- Wilma Township, Minnesota Location within the state of Minnesota Wilma Township, Minnesota Wilma Township, Minnesota (the United States)
- Coordinates: 46°5′49″N 92°29′45″W﻿ / ﻿46.09694°N 92.49583°W
- Country: United States
- State: Minnesota
- County: Pine

Area
- • Total: 36.8 sq mi (95.3 km^{2})
- • Land: 36.3 sq mi (94.1 km^{2})
- • Water: 0.46 sq mi (1.2 km^{2})
- Elevation: 1,066 ft (325 m)

Population (2000)
- • Total: 137
- • Density: 3.9/sq mi (1.5/km^{2})
- Time zone: UTC-6 (Central (CST))
- • Summer (DST): UTC-5 (CDT)
- FIPS code: 27-70528
- GNIS feature ID: 0666004
- Website: https://www.wilmatownship.org/

= Wilma Township, Pine County, Minnesota =

Wilma Township is a township in Pine County, Minnesota, United States. The population was 137 at the 2000 census.

==Geography==
According to the United States Census Bureau, the township has a total area of 36.8 square miles (95.3 km^{2}), of which 36.3 square miles (94.1 km^{2}) is land and 0.4 square mile (1.2 km^{2}) (1.22%) is water.

==Demographics==
As of the census of 2000, there were 137 people, 33 households, and 17 families residing in the township. The population density was 3.8 people per square mile (1.5/km^{2}). There were 114 housing units at an average density of 3.1/sq mi (1.2/km^{2}). The racial makeup of the township was 77.37% White, 8.76% African American, 5.11% Native American, 1.46% Asian, 1.46% from other races, and 5.84% from two or more races.

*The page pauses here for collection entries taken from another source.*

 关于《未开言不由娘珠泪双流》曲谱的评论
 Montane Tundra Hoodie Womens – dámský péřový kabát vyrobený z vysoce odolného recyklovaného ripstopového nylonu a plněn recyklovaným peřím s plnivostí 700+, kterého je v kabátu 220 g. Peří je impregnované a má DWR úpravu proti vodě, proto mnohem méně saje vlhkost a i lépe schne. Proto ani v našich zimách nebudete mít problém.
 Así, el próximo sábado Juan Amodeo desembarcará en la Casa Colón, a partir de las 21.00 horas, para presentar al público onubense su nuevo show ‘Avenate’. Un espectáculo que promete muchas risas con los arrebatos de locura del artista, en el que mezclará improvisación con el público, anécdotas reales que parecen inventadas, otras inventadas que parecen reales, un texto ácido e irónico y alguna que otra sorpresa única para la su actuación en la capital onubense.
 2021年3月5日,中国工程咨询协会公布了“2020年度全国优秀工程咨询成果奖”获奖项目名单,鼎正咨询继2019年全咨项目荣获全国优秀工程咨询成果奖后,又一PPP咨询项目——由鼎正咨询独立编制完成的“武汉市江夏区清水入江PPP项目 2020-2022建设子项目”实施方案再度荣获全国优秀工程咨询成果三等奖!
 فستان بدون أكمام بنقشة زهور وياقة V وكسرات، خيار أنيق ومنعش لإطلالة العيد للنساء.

Hispanic or Latino of any race were 2.92% of the population.

There were 33 households, out of which 9.1% had children under the age of 18 living with them, 45.5% were married couples living together, 3.0% had a female householder with no husband present, and 45.5% were non-families. 30.3% of all households were made up of individuals, and 9.1% had someone living alone who was 65 years of age or older. The average household size was 1.85 and the average family size was 2.17.

In the township the population was spread out, with 58.4% under the age of 18, 5.1% from 18 to 24, 10.9% from 25 to 44, 10.2% from 45 to 64, and 15.3% who were 65 years of age or older. The median age was 17 years. For every 100 females, there were 140.4 males. For every 100 females age 18 and over, there were 171.4 males.

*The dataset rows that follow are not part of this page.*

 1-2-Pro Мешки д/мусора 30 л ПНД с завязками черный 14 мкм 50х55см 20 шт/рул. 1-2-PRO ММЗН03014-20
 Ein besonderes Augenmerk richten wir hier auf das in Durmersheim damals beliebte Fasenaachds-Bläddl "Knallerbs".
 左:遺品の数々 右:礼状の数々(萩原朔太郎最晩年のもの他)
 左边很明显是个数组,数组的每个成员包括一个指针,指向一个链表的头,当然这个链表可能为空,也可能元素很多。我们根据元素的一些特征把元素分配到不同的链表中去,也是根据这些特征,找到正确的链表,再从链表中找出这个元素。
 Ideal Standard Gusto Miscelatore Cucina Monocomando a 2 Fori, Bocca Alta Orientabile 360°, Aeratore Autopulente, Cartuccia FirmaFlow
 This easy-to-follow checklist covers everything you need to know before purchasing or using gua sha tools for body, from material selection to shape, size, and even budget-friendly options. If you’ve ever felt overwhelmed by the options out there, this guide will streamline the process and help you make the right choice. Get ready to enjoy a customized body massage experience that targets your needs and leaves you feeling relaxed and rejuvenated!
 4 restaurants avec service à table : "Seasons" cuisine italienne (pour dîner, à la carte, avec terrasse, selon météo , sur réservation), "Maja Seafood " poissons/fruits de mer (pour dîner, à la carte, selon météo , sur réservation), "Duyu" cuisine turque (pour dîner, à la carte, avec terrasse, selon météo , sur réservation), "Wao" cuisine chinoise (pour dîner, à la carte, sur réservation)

The median income for a household in the township was $32,917, and the median income for a family was $38,750. Males had a median income of $38,250 versus $26,875 for females. The per capita income for the township was $7,193. There were 8.3% of families and 22.5% of the population living below the poverty line, including 50.0% of under eighteens and 5.9% of those over 64.